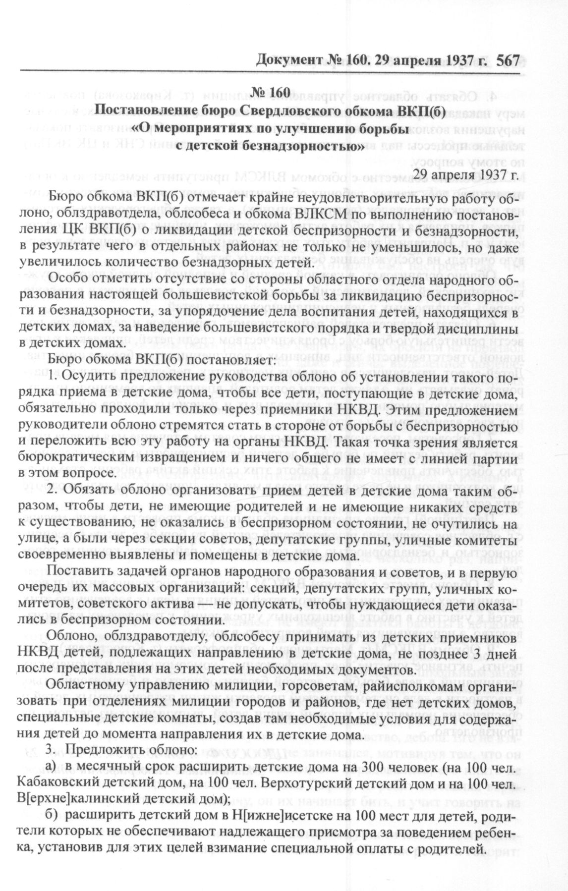 Постановление бюро Свердловского обкома ВКПб) «О мероприятиях по улучшению борьбы с детской безнадзорностью». 29 апреля 1937 г.
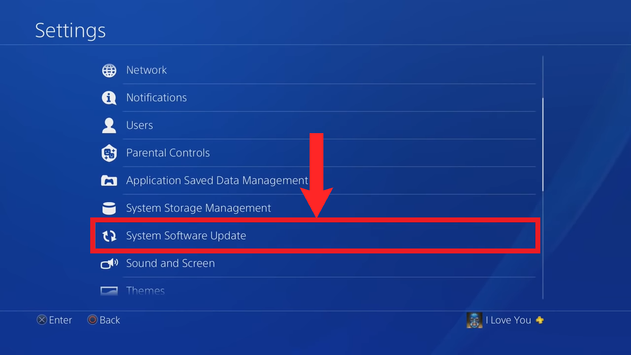 Scroll down and select System Software Update - It will automatically begin checking for updates and also download the update if available. Restart your PS4 afterwards.
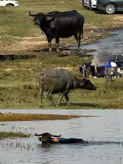 🐂There were villagers grazing their cattle nearby. They were quite pitiful. They were frightened by cars and people and kept soaking in the water.
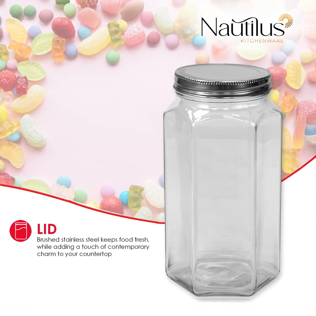 Nautilus Glass Jar 1840ml Glass, Non-Toxic and Food-Safe Material, Dishwasher Safe ,With metal lid - Clear
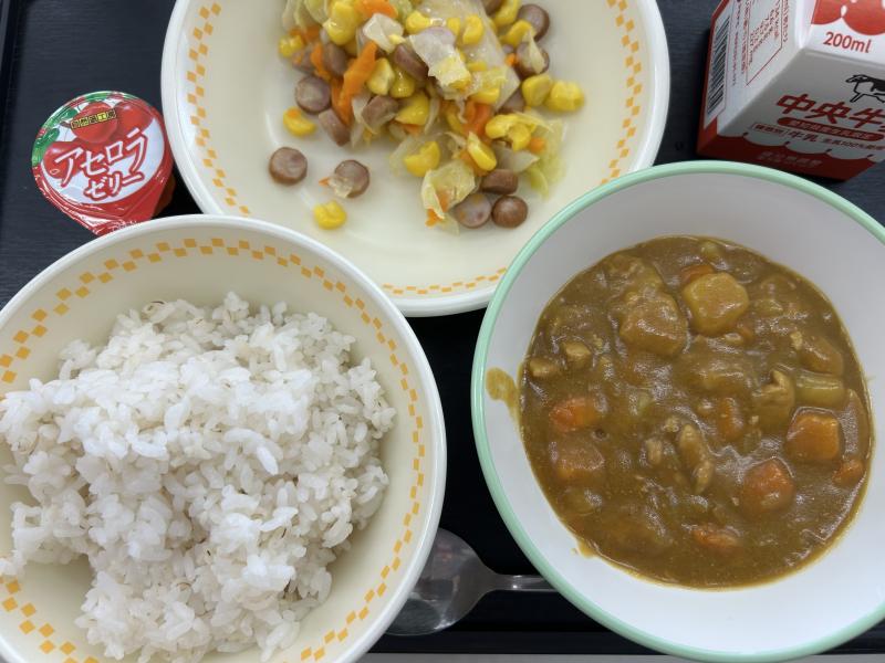 今日の給食は、米粉カレーライス、ウインナーとやさいのソテー、一口アセロラゼリーです。
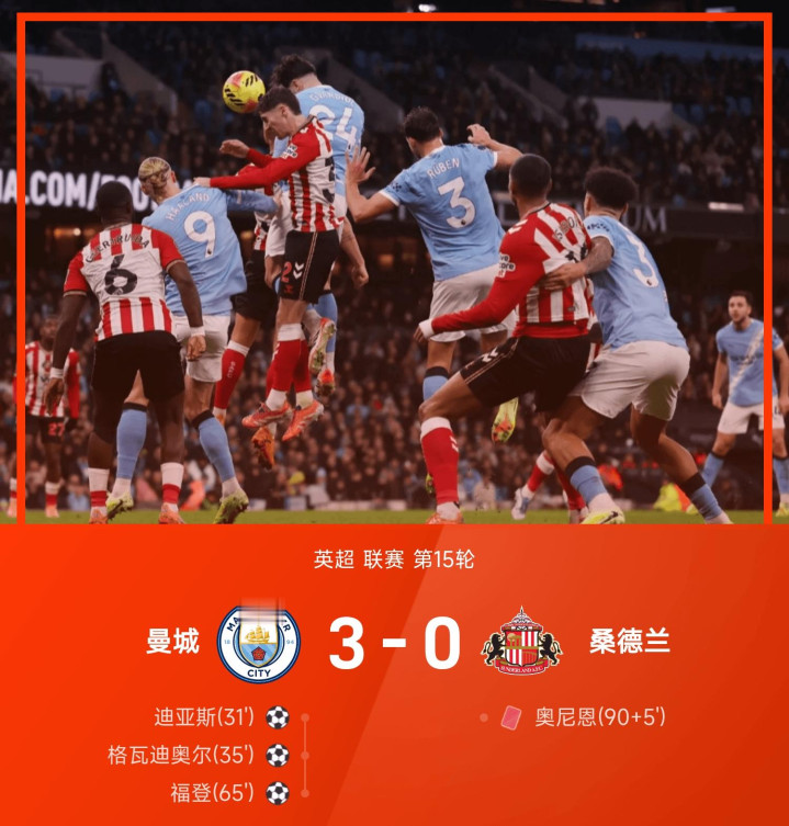 25-26赛季英超第15轮,曼城镇守伊蒂哈德球场迎战桑德兰。此役上半场,迪亚斯远射破门轰入寰宇波助曼城破裂僵局,格瓦迪奥尔策应福登角球传中争顶破门再入一球。易边再战,福登策应谢尔基传中冲顶立功,奥尼恩补时阶段染红被罚下。全场比赛截止,曼城3-0桑德兰,手执31分持续名次积分榜次席且仅落伍领头羊阿森纳(33分)2分。
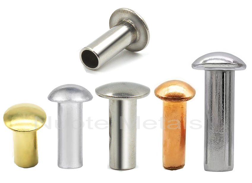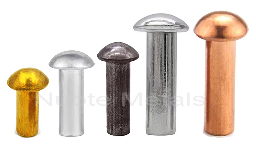 หมุดย้ำ, เห็ดหัวหมุดแข็ง, หัวหมุดแข็งหัวหมุดหัวมัดหัวหมุดแข็ง, หมุดย้ำหมุดย้ำที่เป็นสากลหัวในวัสดุที่แตกต่างกันเช่นทองเหลือง, เหล็ก (เหล็ก), สแตนเลส, อลูมิเนียม, ทองแดง
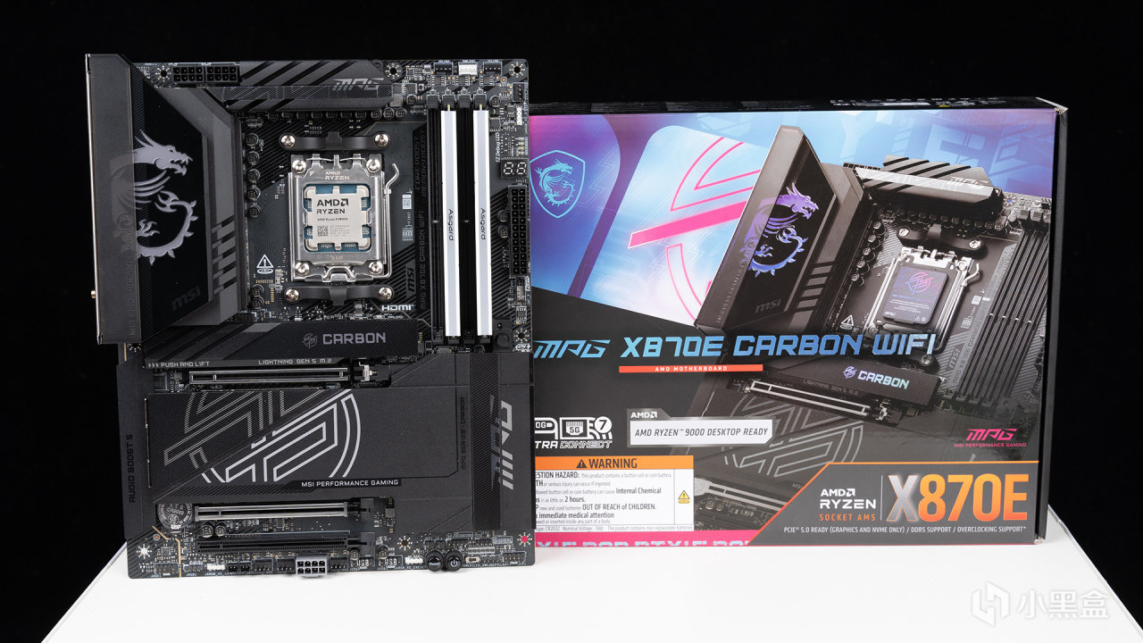 爲了最大程度挖掘這套內存條的潛力,配備測試的主板來自微星MPG X870E CARBON WIFI暗黑,外觀設計延續了暗黑家族的碳纖維風格,也在I/O處加入了黑鏡質感進行“調味”,供電用料妥妥是越級般地存在——配備18+2+1並聯式供電,而VCORE部分的MOS最大電流達110A,最佳拍檔當然就是旗艦級銳龍9,DDR5內存插槽最高可支持超頻至8400MHz+,對於這次的作業簡直就是小巫見大巫。
+++
- _WHAT TO WORK ON_:
Copy the records above exactly, leaving out every picture.

- _EXERCISE RESPONSE_:
 Постановление бюро Свердловского обкома ВКПб) «О мероприятиях по улучшению борьбы с детской безнадзорностью». 29 апреля 1937 г.
 Scroll down and select System Software Update - It will automatically begin checking for updates and also download the update if available. Restart your PS4 afterwards.
 🐂There were villagers grazing their cattle nearby. They were quite pitiful. They were frightened by cars and people and kept soaking in the water.
 Nautilus Glass Jar 1840ml Glass, Non-Toxic and Food-Safe Material, Dishwasher Safe ,With metal lid - Clear
 今日の給食は、米粉カレーライス、ウインナーとやさいのソテー、一口アセロラゼリーです。
 25-26赛季英超第15轮,曼城镇守伊蒂哈德球场迎战桑德兰。此役上半场,迪亚斯远射破门轰入寰宇波助曼城破裂僵局,格瓦迪奥尔策应福登角球传中争顶破门再入一球。易边再战,福登策应谢尔基传中冲顶立功,奥尼恩补时阶段染红被罚下。全场比赛截止,曼城3-0桑德兰,手执31分持续名次积分榜次席且仅落伍领头羊阿森纳(33分)2分。
 หมุดย้ำ, เห็ดหัวหมุดแข็ง, หัวหมุดแข็งหัวหมุดหัวมัดหัวหมุดแข็ง, หมุดย้ำหมุดย้ำที่เป็นสากลหัวในวัสดุที่แตกต่างกันเช่นทองเหลือง, เหล็ก (เหล็ก), สแตนเลส, อลูมิเนียม, ทองแดง
 爲了最大程度挖掘這套內存條的潛力,配備測試的主板來自微星MPG X870E CARBON WIFI暗黑,外觀設計延續了暗黑家族的碳纖維風格,也在I/O處加入了黑鏡質感進行“調味”,供電用料妥妥是越級般地存在——配備18+2+1並聯式供電,而VCORE部分的MOS最大電流達110A,最佳拍檔當然就是旗艦級銳龍9,DDR5內存插槽最高可支持超頻至8400MHz+,對於這次的作業簡直就是小巫見大巫。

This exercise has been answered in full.